━━━━━ Supplied entries ━━━━━
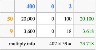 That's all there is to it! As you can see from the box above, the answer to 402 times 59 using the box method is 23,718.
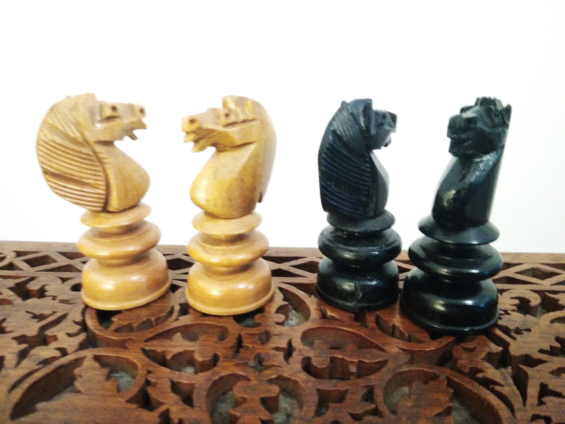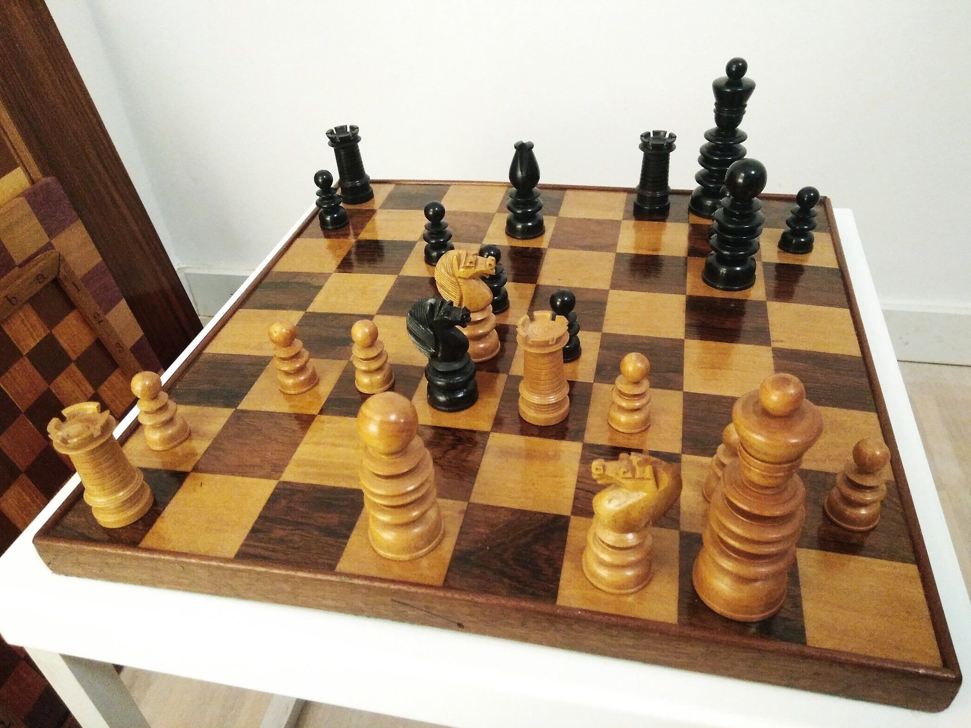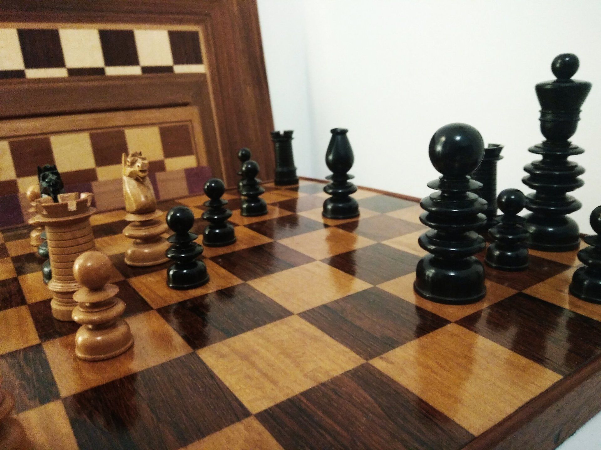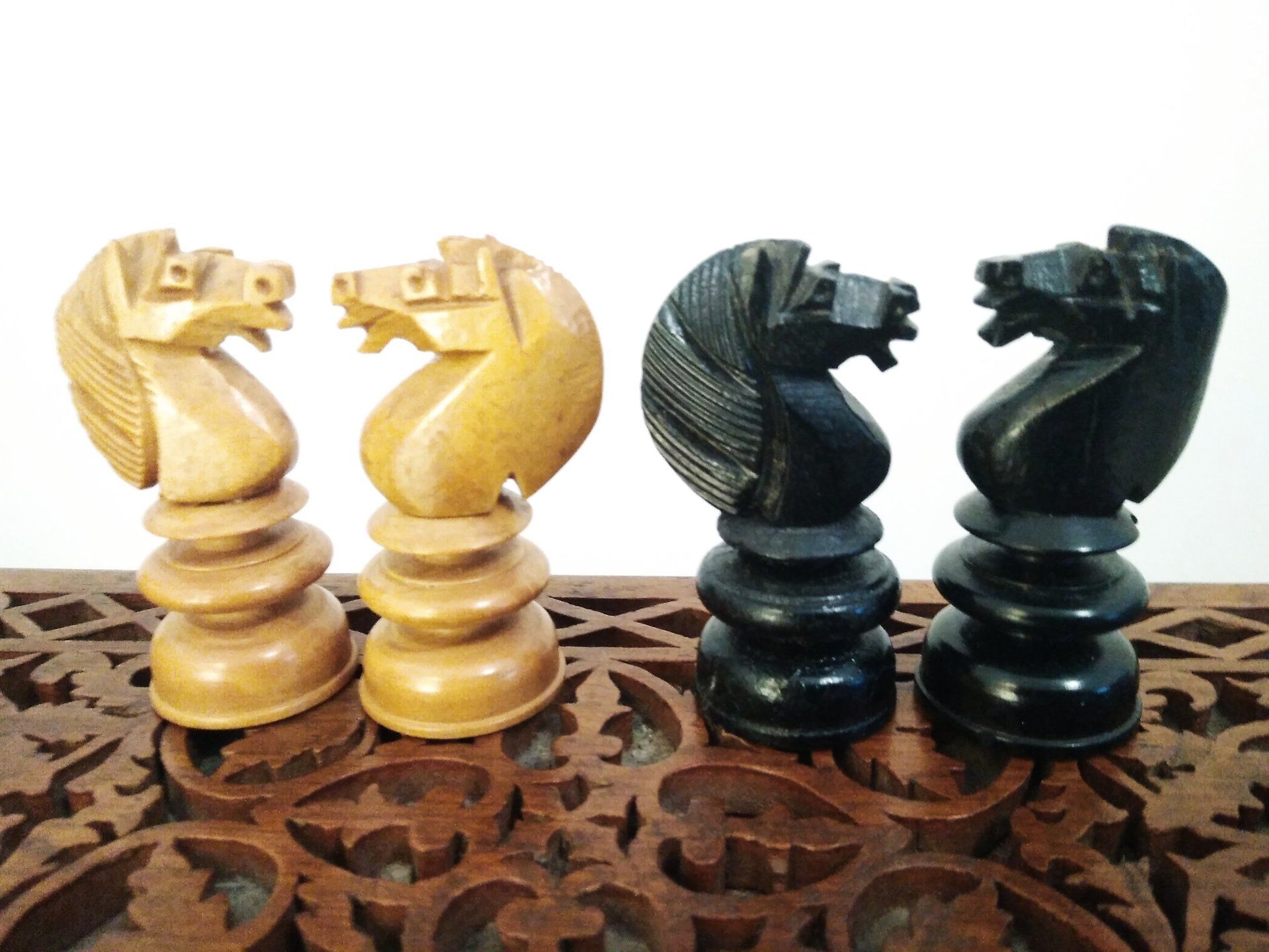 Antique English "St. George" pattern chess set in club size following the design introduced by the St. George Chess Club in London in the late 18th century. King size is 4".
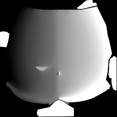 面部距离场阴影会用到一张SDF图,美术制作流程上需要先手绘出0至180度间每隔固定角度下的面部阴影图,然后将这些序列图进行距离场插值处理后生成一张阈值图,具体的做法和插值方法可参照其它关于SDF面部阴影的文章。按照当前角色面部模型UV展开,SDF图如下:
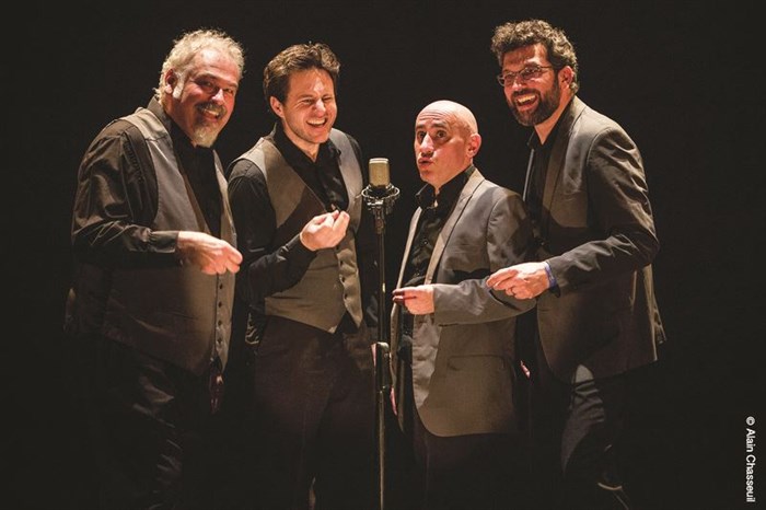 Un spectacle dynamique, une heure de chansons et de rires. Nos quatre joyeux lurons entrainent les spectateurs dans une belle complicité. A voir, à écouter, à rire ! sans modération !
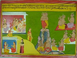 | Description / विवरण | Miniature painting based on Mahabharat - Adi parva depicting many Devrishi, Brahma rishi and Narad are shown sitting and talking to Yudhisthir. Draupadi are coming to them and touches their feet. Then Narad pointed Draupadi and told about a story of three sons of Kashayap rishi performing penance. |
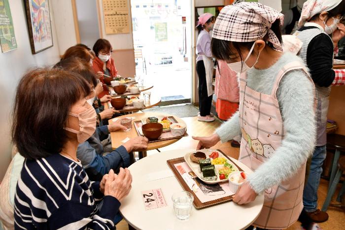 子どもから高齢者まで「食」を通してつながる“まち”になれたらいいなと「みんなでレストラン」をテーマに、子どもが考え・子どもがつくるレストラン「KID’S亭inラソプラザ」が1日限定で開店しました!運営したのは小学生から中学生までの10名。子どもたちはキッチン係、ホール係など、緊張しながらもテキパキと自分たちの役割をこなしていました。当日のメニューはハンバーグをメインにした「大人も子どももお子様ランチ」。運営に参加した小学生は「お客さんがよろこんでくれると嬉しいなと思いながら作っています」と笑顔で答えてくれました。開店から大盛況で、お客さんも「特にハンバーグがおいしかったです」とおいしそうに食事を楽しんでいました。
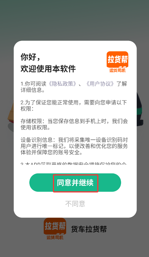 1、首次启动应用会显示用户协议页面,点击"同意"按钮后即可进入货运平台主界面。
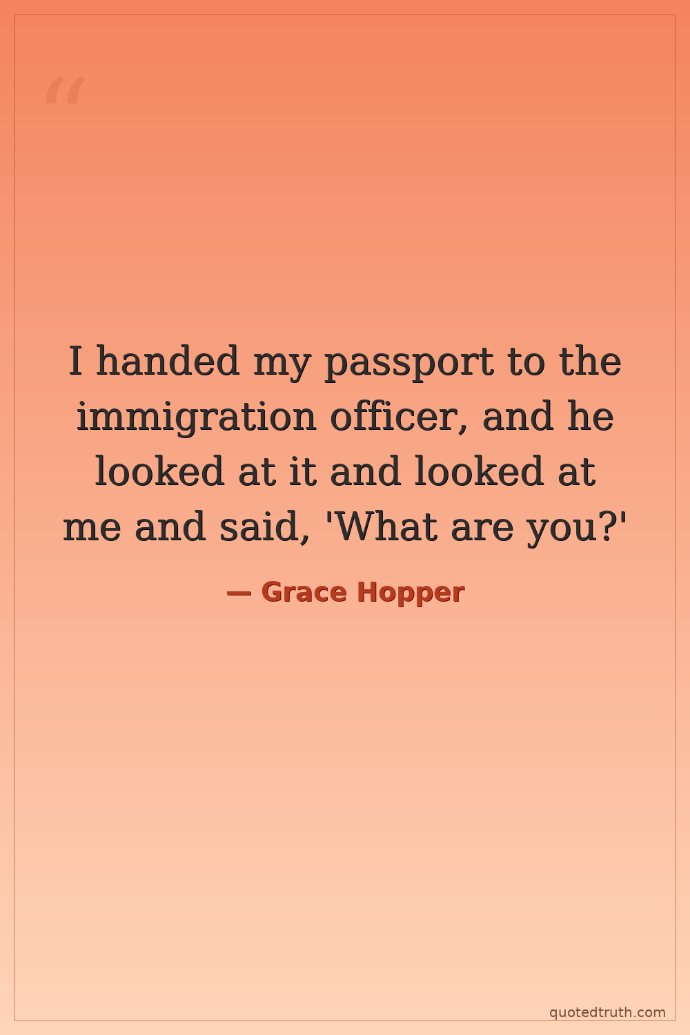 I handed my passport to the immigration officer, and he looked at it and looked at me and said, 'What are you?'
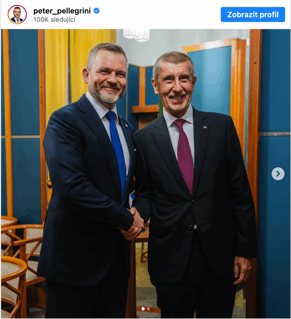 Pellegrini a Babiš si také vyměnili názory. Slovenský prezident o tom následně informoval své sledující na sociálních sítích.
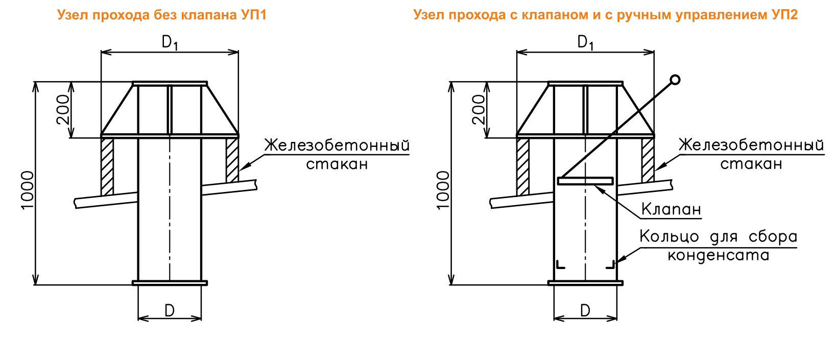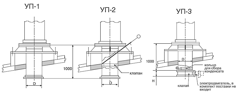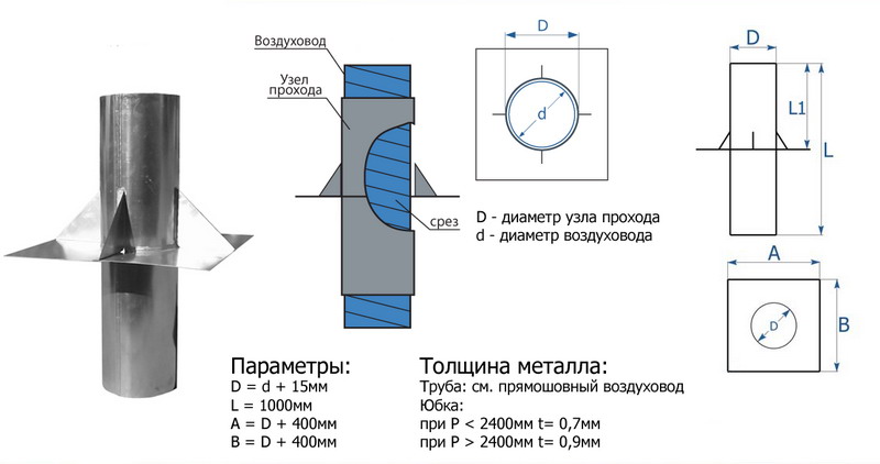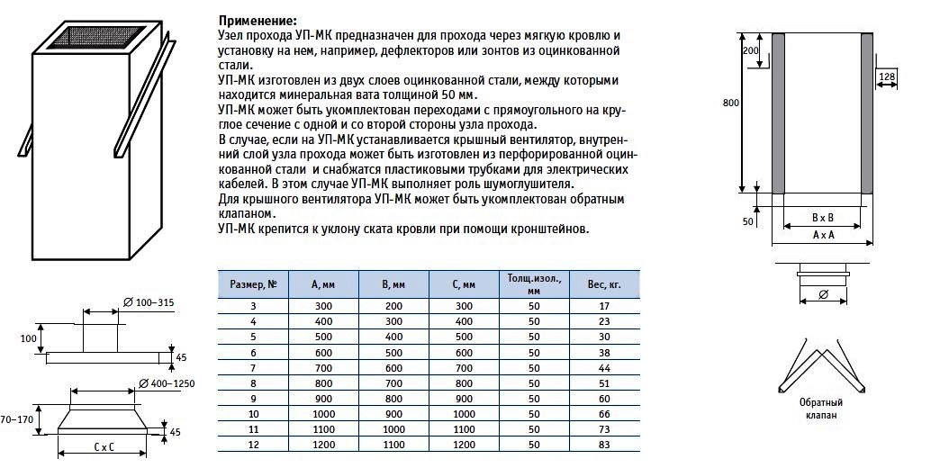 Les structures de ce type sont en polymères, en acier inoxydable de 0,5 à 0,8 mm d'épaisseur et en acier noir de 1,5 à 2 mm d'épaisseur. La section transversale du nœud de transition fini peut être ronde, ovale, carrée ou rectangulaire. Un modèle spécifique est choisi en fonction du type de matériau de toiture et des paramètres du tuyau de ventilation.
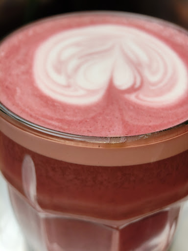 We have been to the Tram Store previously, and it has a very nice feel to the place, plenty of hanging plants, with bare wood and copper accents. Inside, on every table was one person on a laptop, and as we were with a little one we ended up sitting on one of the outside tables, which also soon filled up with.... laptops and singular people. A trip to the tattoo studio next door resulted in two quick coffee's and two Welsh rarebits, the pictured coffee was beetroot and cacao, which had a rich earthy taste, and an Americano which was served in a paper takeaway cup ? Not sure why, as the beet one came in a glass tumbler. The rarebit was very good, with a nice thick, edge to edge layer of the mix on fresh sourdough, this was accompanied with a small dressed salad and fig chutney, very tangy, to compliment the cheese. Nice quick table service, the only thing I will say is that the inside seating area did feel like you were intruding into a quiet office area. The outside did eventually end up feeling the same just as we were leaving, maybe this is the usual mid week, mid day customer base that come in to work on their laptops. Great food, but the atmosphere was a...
━━━━━
[About this exercise] Pictures are to be dropped; the lines from the start of the entries above through the line with "pattern chess set" are to be given again verbatim.

[Solution to the problem]
 That's all there is to it! As you can see from the box above, the answer to 402 times 59 using the box method is 23,718.
 Antique English "St. George" pattern chess set in club size following the design introduced by the St. George Chess Club in London in the late 18th century. King size is 4".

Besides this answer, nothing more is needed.